### Task prompt
The exercise calls for exact output of the lines between the one that contains "Ich habe auch" and the end of the data, with both ends kept and pictures left out.

### Input data
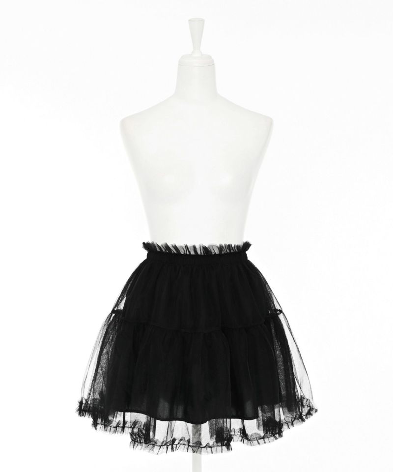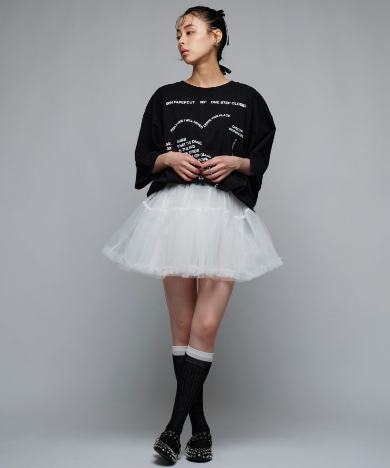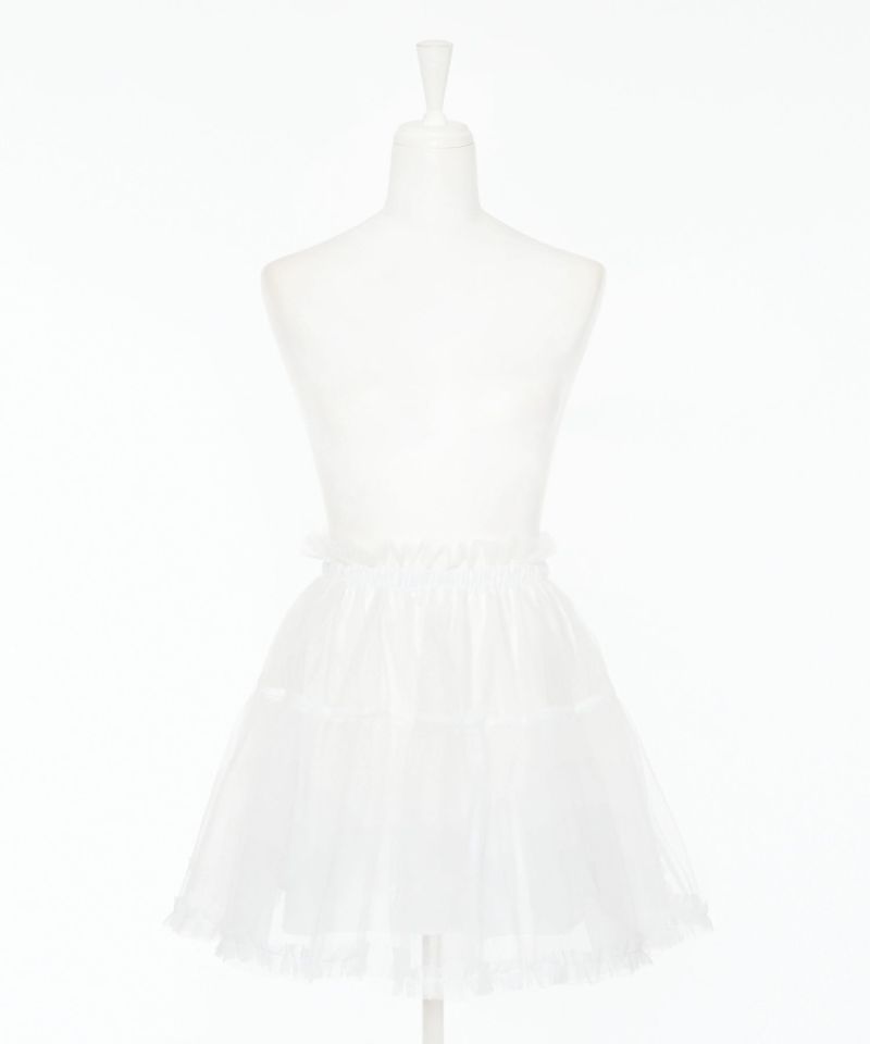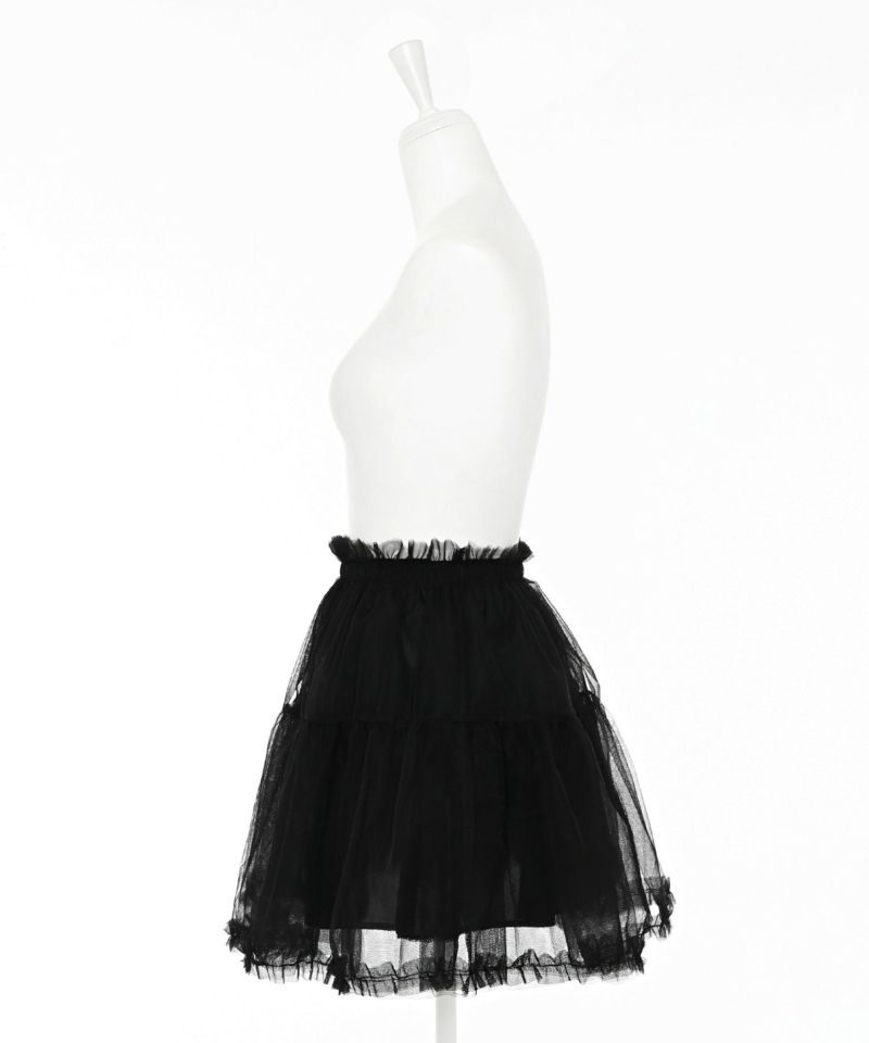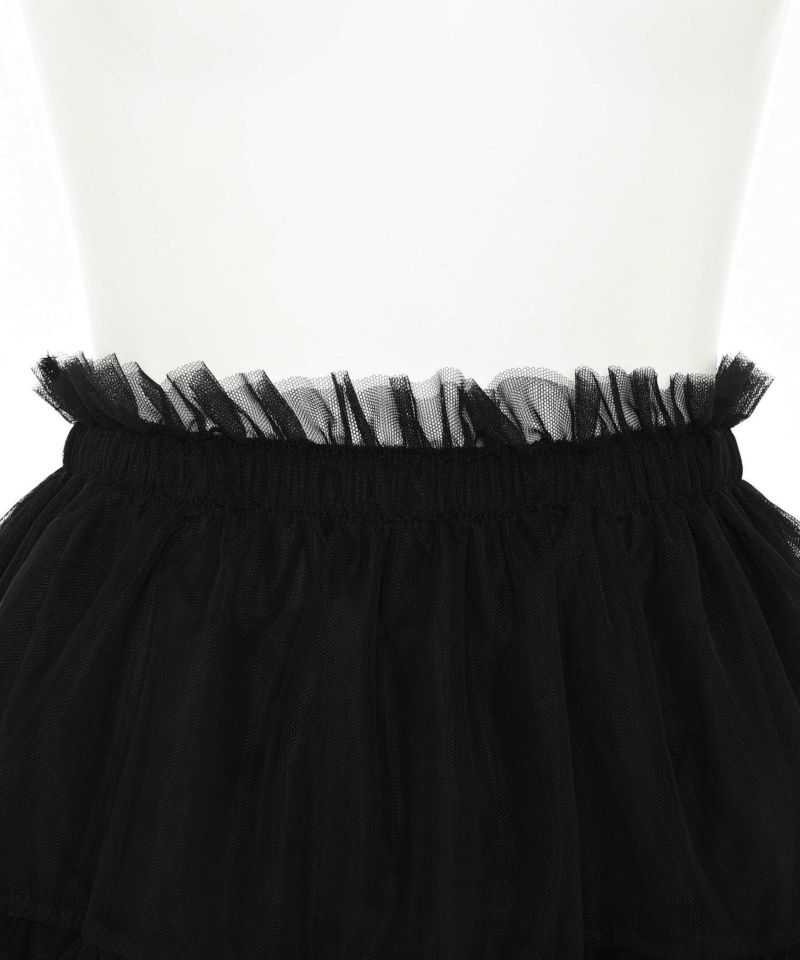 ボリュームたっぷりのシアーチュールが可愛らしいミニスカート。華奢見えを叶えるフレアシルエットで、ふわふわのチュール素材を2枚重ねてフェミニンな雰囲気をプラス。ハイウエストデザインなのでインスタイルはもちろん、アウトスタイルでチュールをチラ見せするのもオススメ。
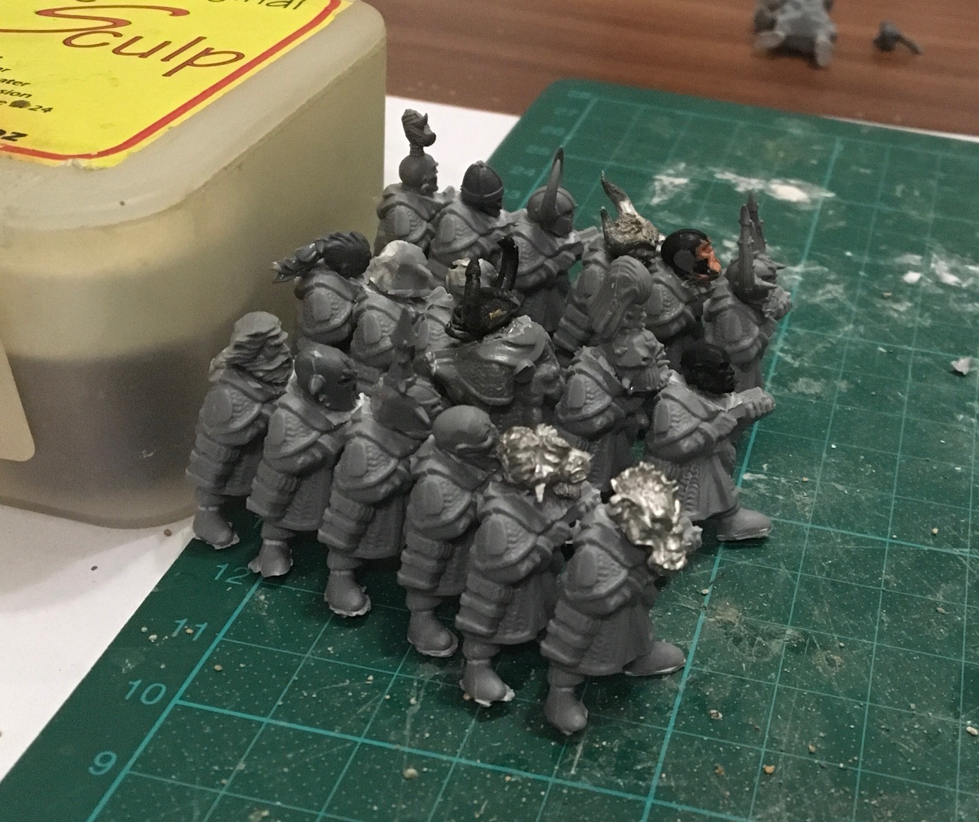 Ich habe auch die vergangene Woche Chaoszwerge mit Donnerbüchsen gebastelt. Ich hatte noch 26 Zwerge von em4 mit Armbrüsten, und wusste nicht was ich damit machen soll. Meine Bitsbox ist damit praktisch leer was ganze Modelle betrifft, ich denke also, dass das mein letztes Regiment auf Einheitsbase sein wird 😊
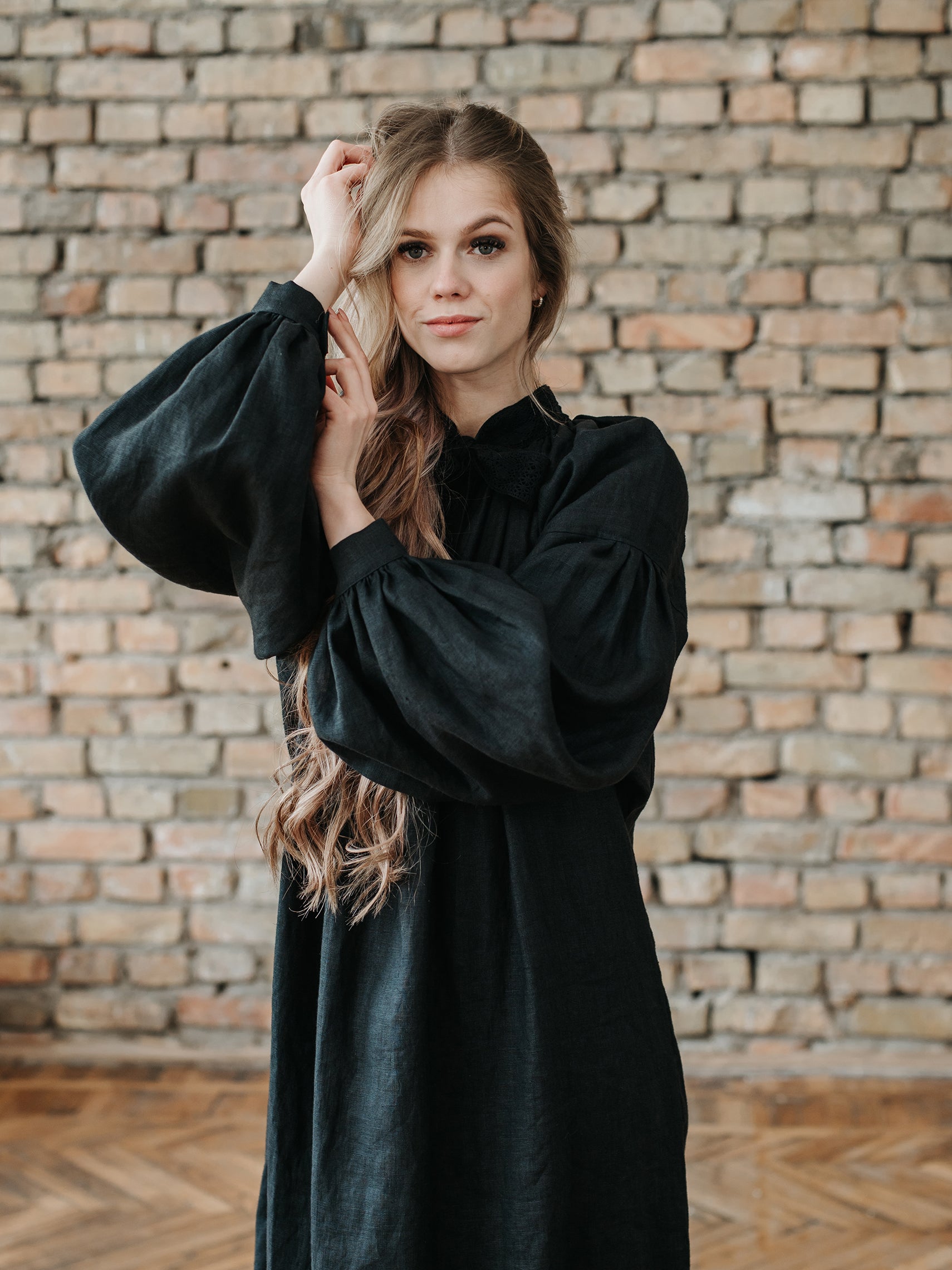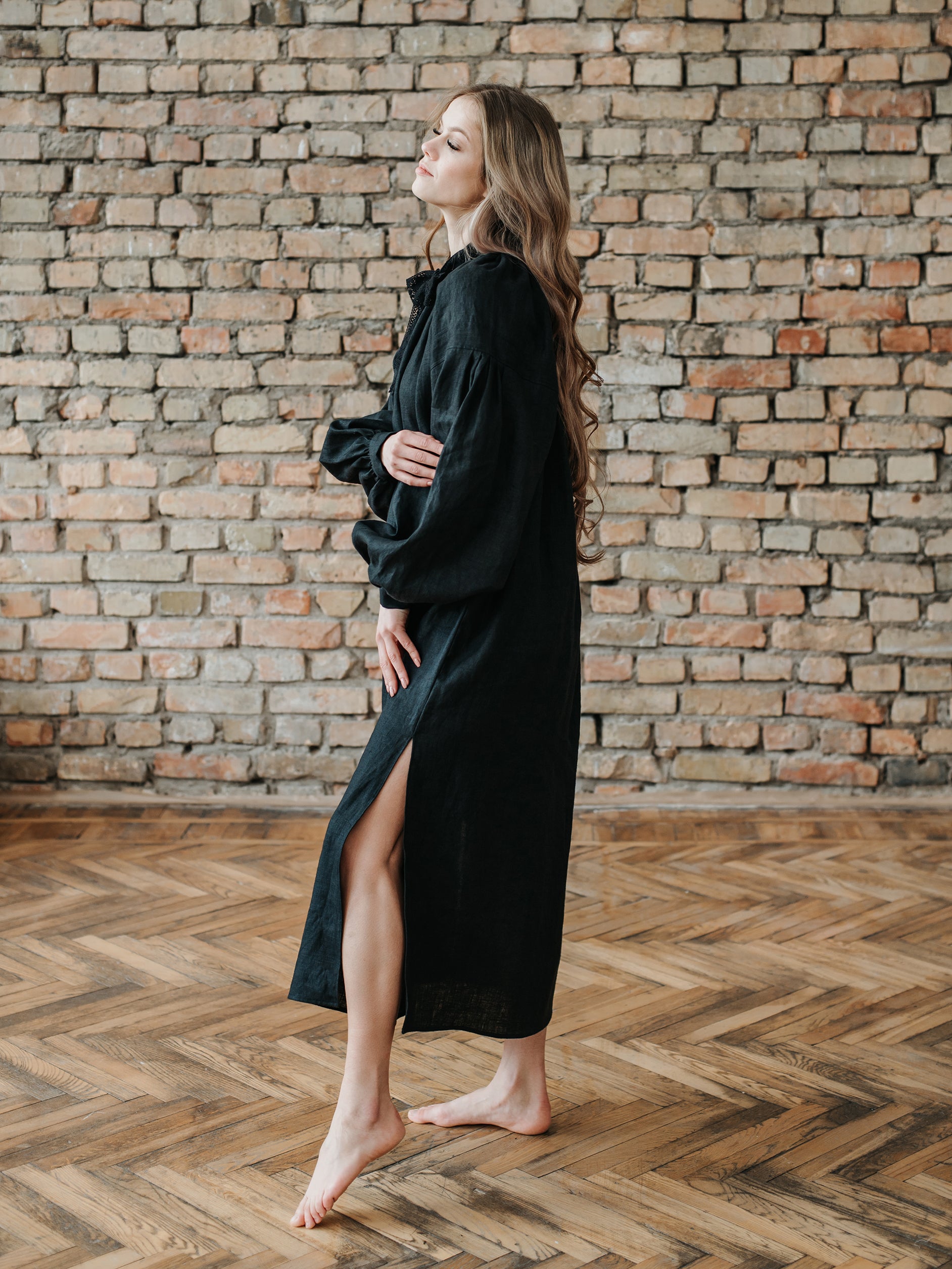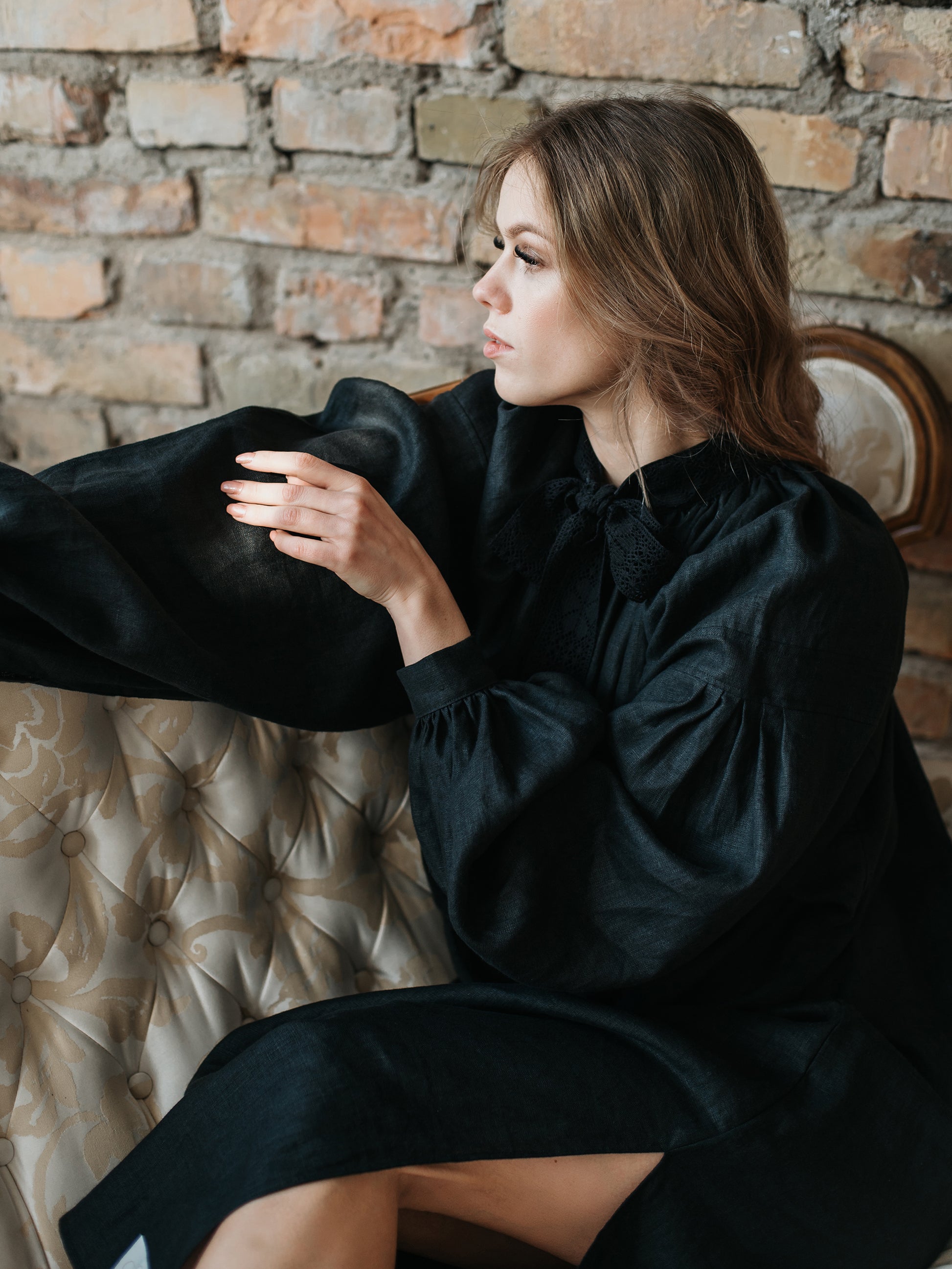 Piebalga Gown in Black Linen

### Response box
 Ich habe auch die vergangene Woche Chaoszwerge mit Donnerbüchsen gebastelt. Ich hatte noch 26 Zwerge von em4 mit Armbrüsten, und wusste nicht was ich damit machen soll. Meine Bitsbox ist damit praktisch leer was ganze Modelle betrifft, ich denke also, dass das mein letztes Regiment auf Einheitsbase sein wird 😊
 Piebalga Gown in Black Linen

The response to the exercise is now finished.